LAST NIGHT
Canada/France. 1998. Director/Screenplay - Don McKellar, Producers - Niv Fichman & Daniel Iron, Photography - Douglas Koch, Music - Alexina Louie & Alex Pauk, Digital Visual Effects - Buzz Image Group (Supervisor - Stephane Landry), Special Effects Supervisor - John LaForet, Production Design - John Dondertman. Production Company - Red Violin Productions/Rhombus Media/Odeon Films Inc/Le Sept Arte/Canadian Broadcasting Corporation/Haut et Corte/Canada Television and Cable Production Fund/Telefilm Canada/Equity Investment Program/The Canadian Film or Video Tax Credit. Don McKellar (Patrick Wheeler), Sandra Oh (Sandra), Calvin Keith Rennie (Craig Zwiller), David Cronenberg (Duncan), Tracey Wright (Donna), Genevieve Bujold (Mrs Carlton), Robin Gammell (Mr Wheeler), Roberta Maxwell (Mrs Wheeler), Sarah Polley (Jennifer Wheeler), Karen Glave (Lily), Trent McCullen (Alex)
Plot: The world is due to end at midnight - there are six hours left. Architect Patrick Wheeler tries to escape his family's attempts to celebrate a Christmas dinner, desiring to spend it alone and refusing to treat the day as any different and engage in meaningless gestures. But he is instead drawn in to helping a woman, Sandra, make her way home across a city that is collapsing into anarchy so that she can commit suicide with her husband. Meanwhile Patrick's best friend Craig determines to spend his remaining hours fulfilling all of his sexual fantasies, while a gas company executive sets out to ring every client and assure them the gas will be kept on until the very end.
This was one of six international films commissioned in 1998 to commemorate the turn of the millennium. Others in the series included the Taiwanese 'The Hole' and Hal Hartley's 'Book of Life'. 'Last Night' is the Canadian representative and marks the directorial debut of actor/screenwriter Don McKellar.
McKellar's film is never specifically mentioned as taking place around the millenial turning point. Rather McKellar's spin is to use the connection as the springboard for an intriguingly thoughtful What If ? drama, to ask how various people would meet the end if everybody had only six hours left to live. McKellar has stated that he didn't want to make a 'Deep Impact' or an 'Armageddon'. And the difference between these and what McKellar is attempting to achieve is immediately apparent - where 'Deep Impact' and 'Armageddon' are driven by state of the art special effects and feature only cliche-ridden human dramas, 'Last Night' is low-key and driven by characterization. (McKellar has said his model for his film was 'The Day the Earth Caught Fire' (1961), although the film he actually comes closest to is the little seen 1990 drama 'Miracle Mile' and to some extent the 'The Last Night of the World' segment of 'The Illustrated Man' (1968)). McKellar is wholly unconcerned with the show-stopping spectacle of disaster movies - to such extent that the type of disaster that is about to occur is never specified apart from a vague reference near the end about how there is no night anymore which suggests something to do with the sun. The only special effects McKellar offers is the most simple effect of having the screen white out when the disaster comes.

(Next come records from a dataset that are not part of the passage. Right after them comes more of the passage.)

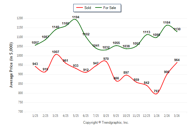 March 2026 Average For Sale Price was Neutral and Average Sold Price was Appreciating**
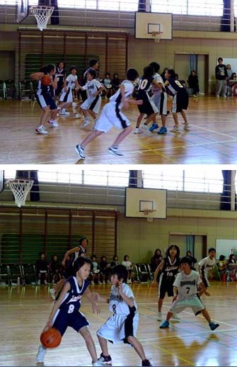 *写真はミニバスケットボールの練習試合のようすです。
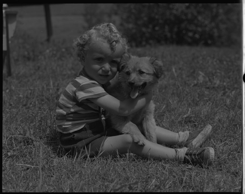 Richard Pichette, petit-fils d'Émile Perreault, avec son chien Finette. Clerval, 1954, Archives nationales à Québec, Fonds Ministère de la Culture et des Communications, (03Q,E6,S7,SS1,D6,P1093-54H), Omer Beaudoin.
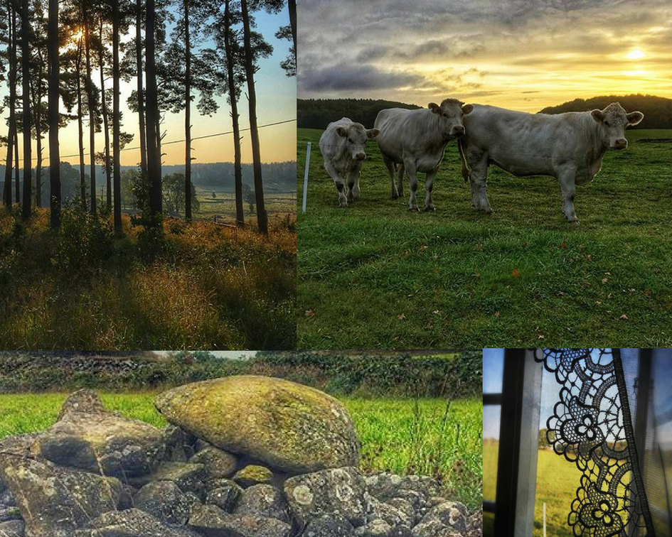 Fra min stol ved spisebordet har jeg udsigt over markerne. Jeg dvæler, betragter, men mærker så pludselig et velkendt stik af sørgmodighed, da jeg kommer i tanke om det tidspunkt, hvor vi igen må pakke bilen og drage hjem. “Stop tiden nu”, siger jeg næsten højt og slår i bordet som om det skulle nytte. “Jeg vil bare blive her med kaffe og udsigt. Vandre, sanke, nyde.”
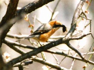 ぼんやりと外を眺めていると、目の前の梅の木にモズが止まりました。動いている虫をくわえています。あっという間に枝に2回打ち付けたと思ったら、パクッと食べちゃいました。
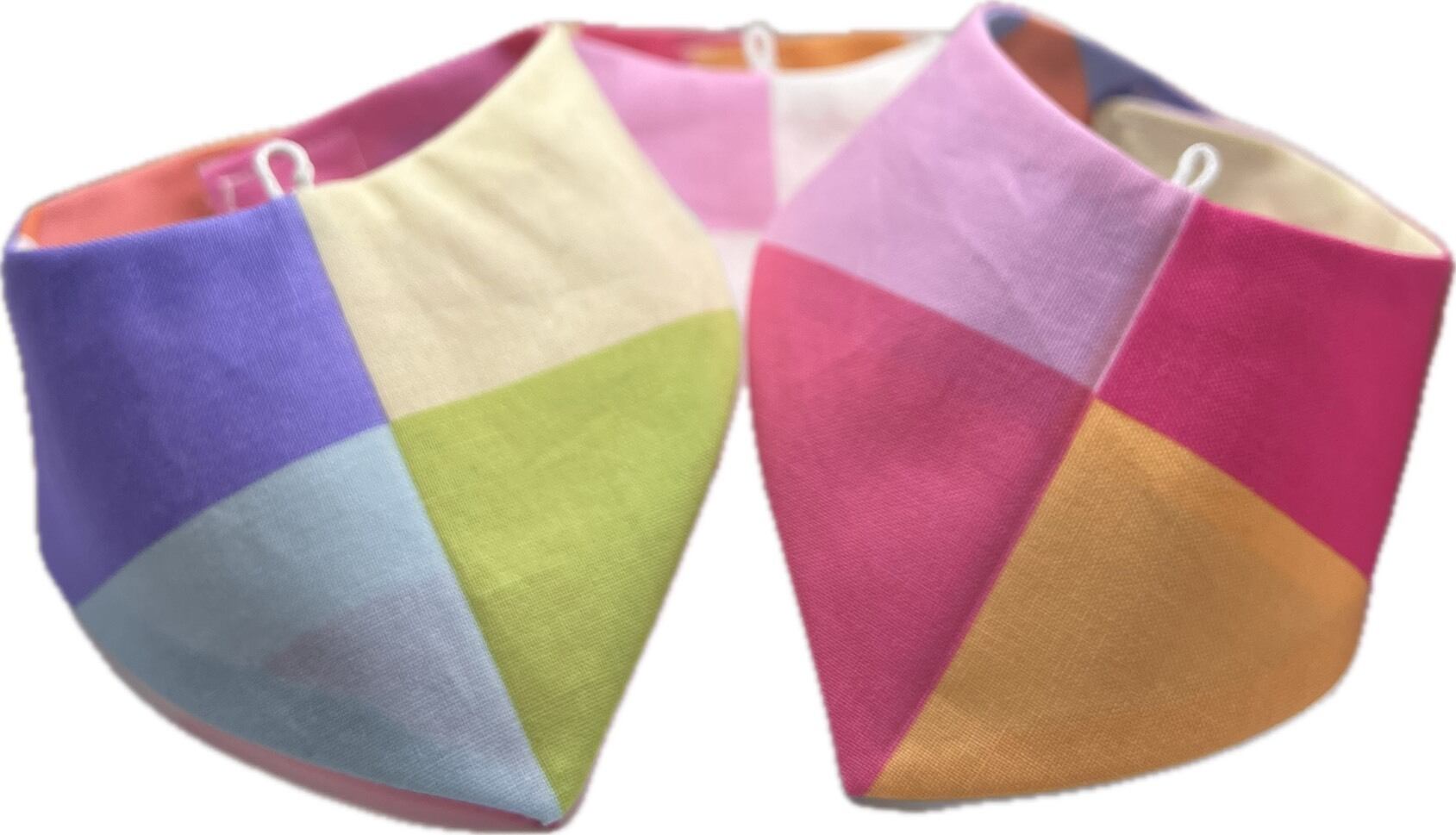 鮮やかな色合いが魅力の「ビビットカラーバンダナ」が新登場しました!猫ちゃんや小型犬用のLサイズで、愛らしい装飾を楽しむことができる一品です。ブルー系とピンク系のリバーシブルデザインなので、その日の気分に合わせて2つのスタイルを楽しむことができます。

But where McKellar eschews special effects he achieves considerable dramatic effect with small nevertheless potent background details - the radio station on the soundtrack that spends the hours counting down the Top 500 songs of All Time; the casual suggestion that McKellar makes to Oh that she just steal a car to drive home and her sudden realization that civilized nicety doesn't matter anymore (the subsequent break-in scene amusingly sends up every action movie cliche of trying to jump start a car); the hooker who says that she wants to experience an orgasm; the people who just sit on a tram car waiting even when they know no driver is coming. McKellar's does have a certain awkwardness in handling some of the actors in the early scenes but the film quickly absorbs and builds a strong climax. Unlike 'Deep Impact' et al none of the characters are cliches, each are written with depth and complexity. Perhaps the nearest that McKellar comes to cliche is reserving the humour for the most obvious target - Rennie as the friend who is determined to fulfil all his sexual fantasies - but even that produces an extremely funny scene where Rennie awkwardly propositions McKellar about trying gay sex. Maybe also one would have liked to have seen a little more given over to David Cronenberg's executive character who remains a relative enigma. But these are minor faults in an otherwise original and undeniably intelligent End of the World drama.